Benefits of Sintered Technical Ceramics

• Hardness
• High mechanical resistance
• Dimensional stability, even at high temperatures
• Resistance to wear and corrosion
• Electrically insulating
• Resistance to chemical products
• High-temperature withstand

Comparative Table

Classification

The sintered ceramics are subdivided into groups according to their mineralogical or chemical composition. Final Advanced Materials can reference three main groups:

• Silicate Ceramics
• Non-Oxide Ceramics
• Oxide Ceramics

Ceramics in the following tables are identified according to DIN EN 60 672.

Silicate Ceramics

Silicate ceramics represent the largest proportion of fine ceramic products. The major components of these polyphase materials are clay and kaolin, feldspar and soapstone as silicate sources. Additionally such components as alumina and zirconium are used to achieve higher mechanical properties. Due to the relatively low sintering temperatures, the good understanding of how to control the process, and the ready availability of the natural raw materials, silicate ceramics are much cheaper than the oxide or non-oxide ceramics.

Non-oxide ceramics

Non-oxide ceramics include ceramic materials based on compounds of boron, carbon, nitrogen and silicon. However, products made of amorphous graphite do not belong to this category. These ceramics usually contain a high proportion of covalent compounds. This allows their use at very high temperatures and results in a very high elastic modulus.

Oxide ceramics

Oxide ceramics are defined as all materials that are principally composed of a single phase and a single component (> 90 %) metal oxide. These materials have little or no glass phase. The raw materials are synthetic products with a high purity. 

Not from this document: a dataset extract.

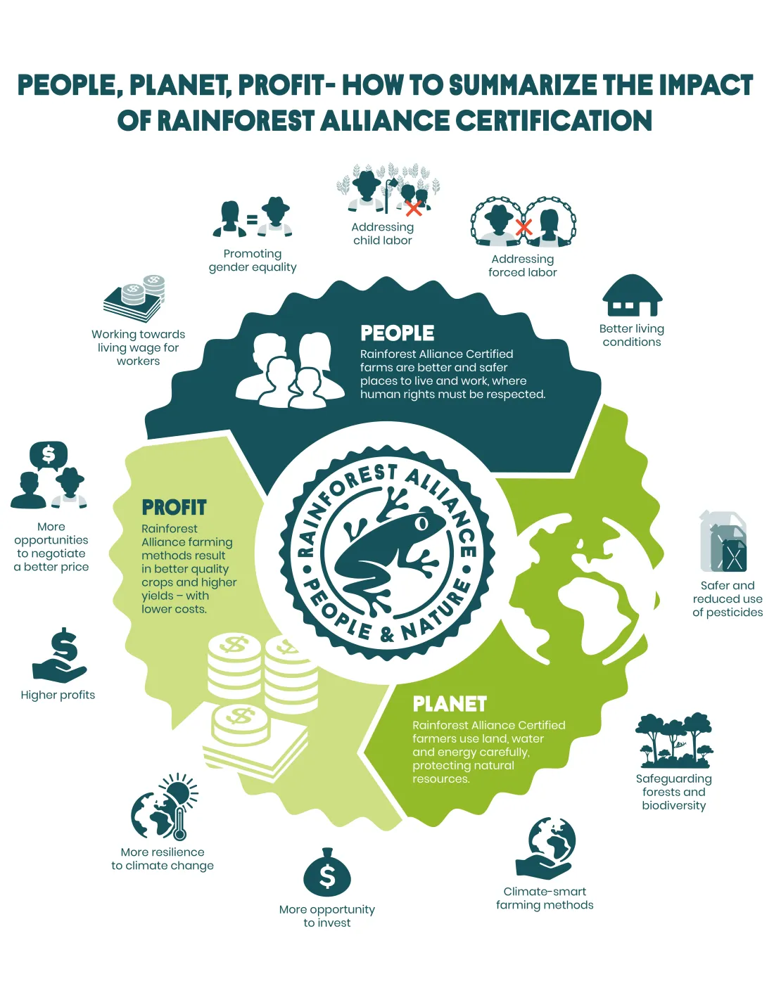 A New York-i székhelyű Rainforest Alliance non-profit szervezet olyan kávétermesztőknek és -termelőknek ítéli oda a tanúsítványait, akiknek termesztési módszerei megfelelnek az ökológiai és társadalmi kritériumoknak . Ezek a kritériumok a környezet, a biológiai sokféleség és a munkavállalók jogainak védelmét szolgálják.

*identification according to DIN ENV 14 242 **common name

If you wish to know more about the technical caracteristic of these ceranics, please refer to the table at the end of this catalog.

Implementation

A perfect control of the entire process of implementation ensures the microstructure of the material. Three elements are essential to obtain a sintered ceramic part with optimal characteristics:

• Powder
• Pressing
• Sintering

According to the criteria of your request, we adapt the various stages of implementation:

• For the prototypes, we will press one block with our standard tooling. There are no tooling costs, nevertheless there is a machining phase before sintering rather long but inexpensive (depending on the geometry of your part). Re-machining with a diamond tool depending on the severity of the required tolerances.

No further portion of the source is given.